I submitted that bug that CSS2 Selector bug that I mentioned yesterday to Bugzilla. While creating a test page, I discovered it only occurs in quirks mode only occurs in quirks mode and with the :hover pseudoclass apparently (see additional testing w/ :focus added). But it’s still wrong, and not mentioned as something that should be handled differently according to the quirks list. Also, I submitted another bug related to the edit controls that I noticed while I was working on that, namely that the undo/redo buffers get cleared after a Javascript value change. Personally, I think this is a really big and annoying bug. A Javascript value change should be no different than any other typed change, and should definitely not be clearing the undo/redo bufers (for all the previous typed changes). IE works like you would expect it to.

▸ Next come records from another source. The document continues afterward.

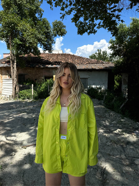 Seti kemishe dhe pantallona te shkurtera. Kemisha vjen me kopsa ne pjesen para. Pantallonat vijne...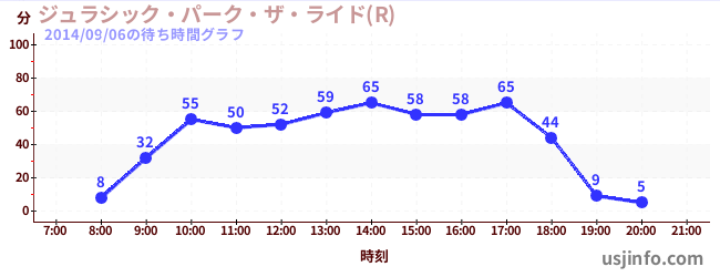 • ジュラシック・パーク・ザ・ライド(R)$B$N(B2014年09月06日の待ち時間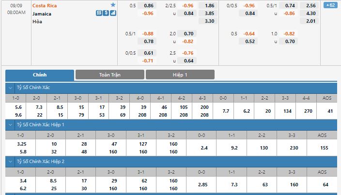 Bảng tỷ lệ kèo trực tuyến trận đấu Costa Rica vs Jamaica:

You can undo and changes, regardless if it were typed, or changed via JS. I’m hoping this is a simple bug to fix, like a ‘oh, we just won’t clear the buffer on a value change’ thing, but it might be slightly more complext than that to fix…

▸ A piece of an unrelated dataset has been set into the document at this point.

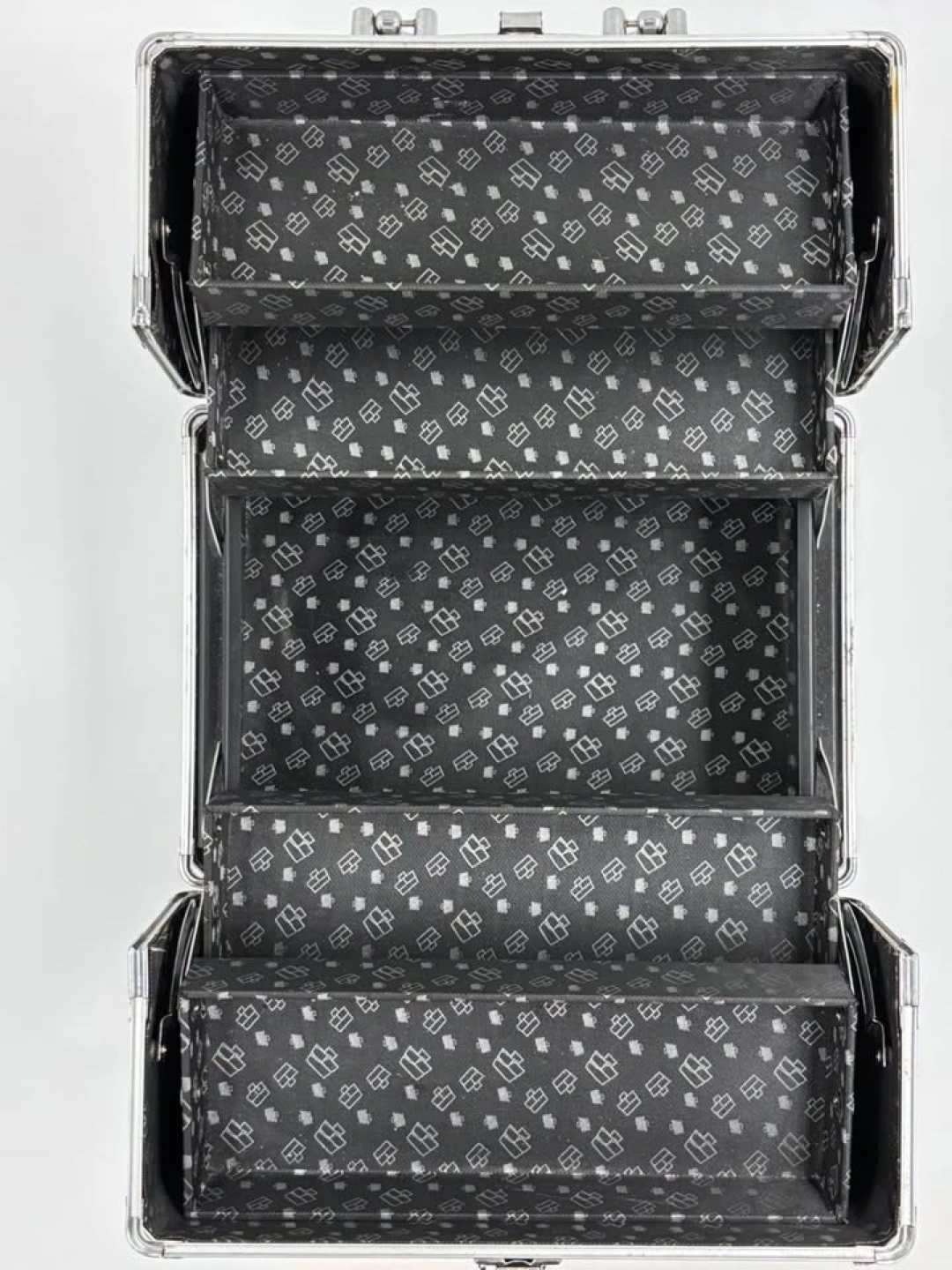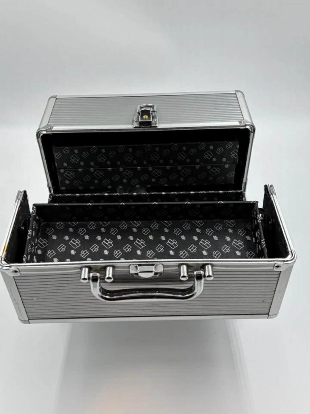 150Here's a silver aluminum makeup/cosmetic organizer case. It's in great condition and ready to store all your beauty essentials! The interior has a cool black and white patterned lining.

While playing around with the undo/redo (which honestly, I hadn’t really paid that much attention to. If it works properly you shouldn’t have to notice it) I noticed that in some respects Mozilla is more advanced. With Mozilla, each text input has it’s own independent undo buffer, which it’s advantages, I suppose. IE shares the buffers. That does mean you can actually undo stuff in the order you typed, but it does jump you around. I guess it’s a wash on which way is more usable. Also, IE does a character by character undo, which while taking longer, does give you some more control. Mozilla’s undo removes entire blocks, each block being a contiguous change (marked off by deletions or changes in focus). Again, I’d probalby have to give some more thought about which implementation is ‘better’.